We begin by creating an instance of a CH haptic engine.
One that targets the handles of the active controller.
The engine is assigned to our member variable so we can keep it around.
After creating the haptic engine, we'll need to start it and check for possible errors.
The engine will continue to run until the application or possible outside action stops it.
So let's play some haptics.
Here's the function that executes when the player is dealt damage by the enemy.
In this example, you want to generate a haptic pattern that scales with the amount of damage that was dealt.
So we have to create the pattern player and its pattern at the moment they're needed to account for this damage.
Once the pattern player is created, we start it at time CHHapticTimeImmediate, which indicates that we want to play it with minimal latency.
If you had two separate haptic players that you wanted to synchronize, you would need to specify an actual time here.
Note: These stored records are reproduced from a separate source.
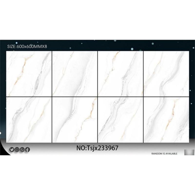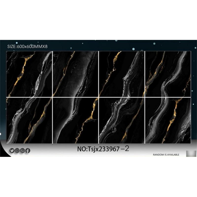 إذا كانت الكمية المطلوبة كافية بحيث يغطي تصميم واحد أكثر من حاوية 20 قدمًا (حوالي 2000 متر مربع لكل تصميم)، فيمكننا قبول طلبات التصنيع حسب الطلب (OEM) والكميات الإجمالية التي تزيد عن 5 حاويات لكل مقاس. يمكن طباعة شعارك على تصميم الكرتون وجسم البلاط.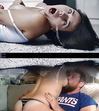 A couple of stepbrothers have a good pummel in the dining guest room, after a family dinner. She spunks in her mouth.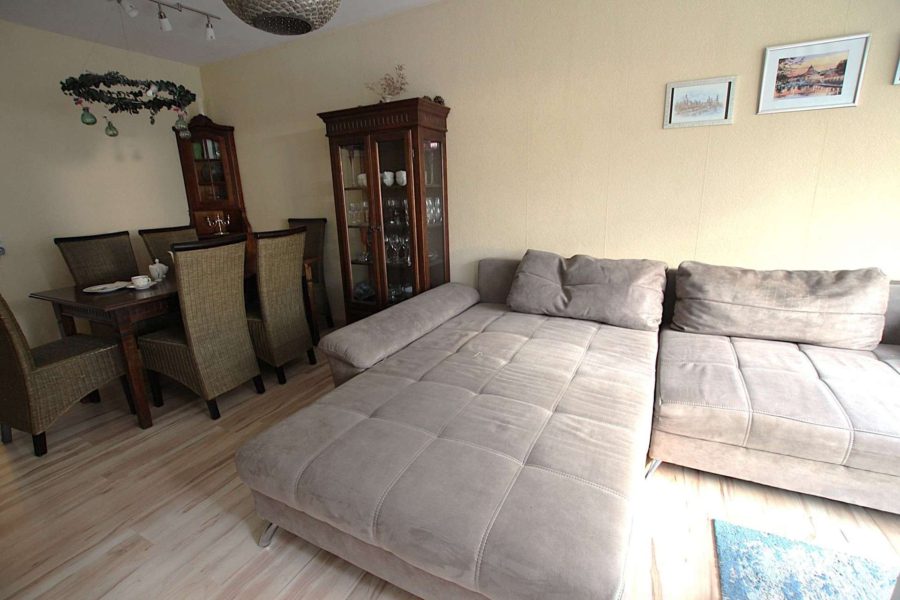 Sehr hell präsentiert sich ein 27 m²großes Wohnzimmer mit komfortablem Essbereich, welches über eine raumbreite Fensterfront verfügt und den Raum mit viel Tageslicht durchflutet.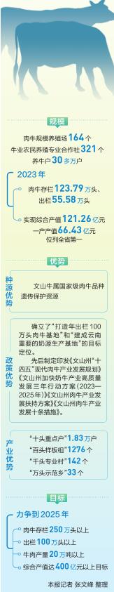 “十四五”期间,文山锚定“到2025年,全州牛存栏达250万头,肉牛年出栏达100万头,牛业综合产值达400亿元”的目标,多措并举打造100万头高品质肉牛基地,全力使产业升值、企业增效、农民增收,不断升温“牛经济”,让百姓过上“牛”日子。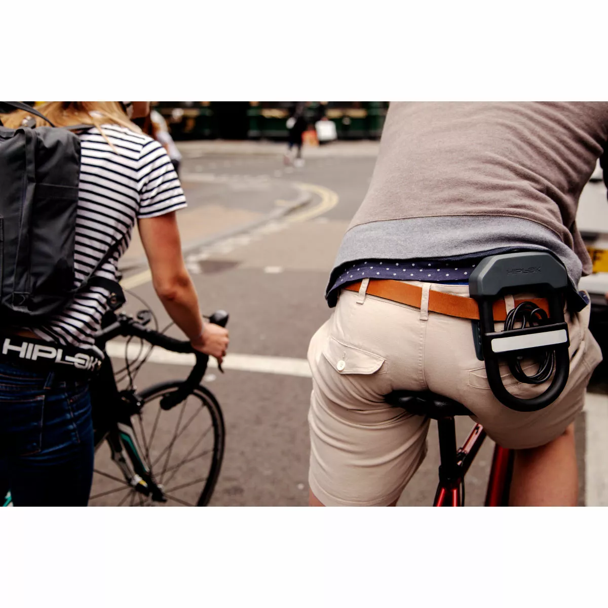 Hiplok DX features Hiplok’s patented CLIP + RIDE system for easy carry on bag straps and belts – no bracket required. Having it out of your bag also means it’s ready to go for a quick lock up. It’s rubberised shackle also protects against frame scratch.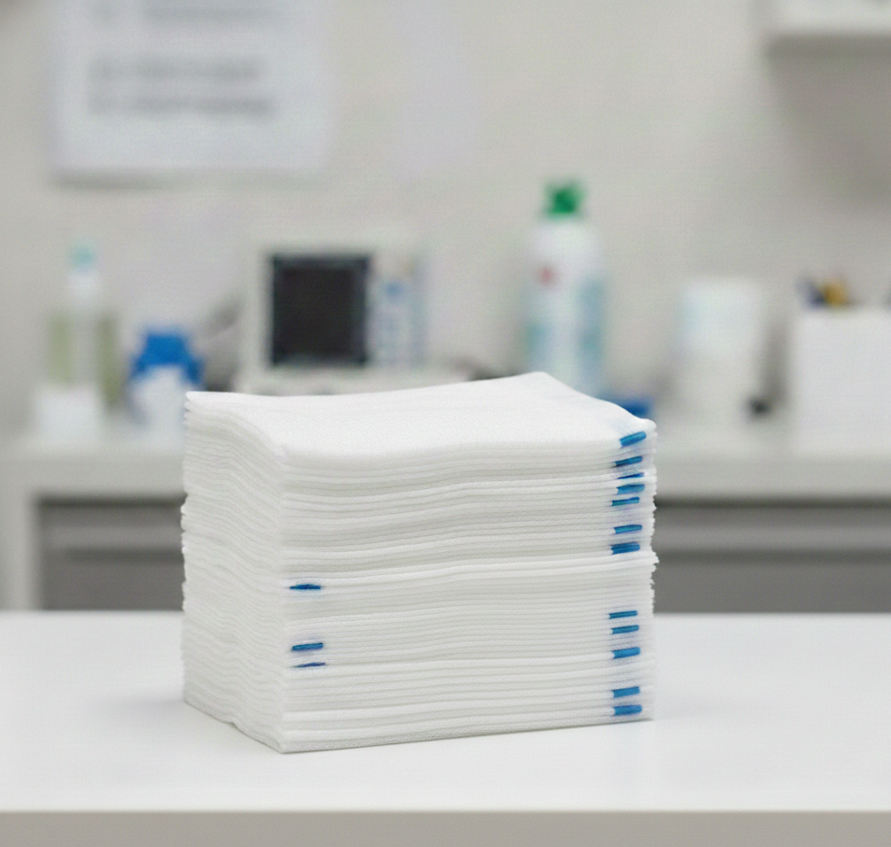 Disposable medical gauze spongeUsed to absorb blood and other fluidsUsed to clean woundsMade from cotton or non-woven materialsAvailable in sterile and non-sterile formsOpen weave helps remove dead tissueHelps wick fluid away from wound

Notice that the app does not hold onto the instance of the player.
It's pattern is guaranteed to continue playing until it's finished, so we can simply fire and forget it.
Let's look at creating a pattern player.
This method is responsible for creating the custom haptic content that will play when we take damage.
We'll create a continuous haptic event that applies over a specified duration.
We'll give it a sharpness and intensity.
This will provide a nice baseline of haptic feedback, regardless of how much damage was done to the player.
Next we create a transient haptic event.
These are brief impulses that occur at a specific point in time such as the click you would feel from toggling a switch.
Note that the transient events don't have a specified duration.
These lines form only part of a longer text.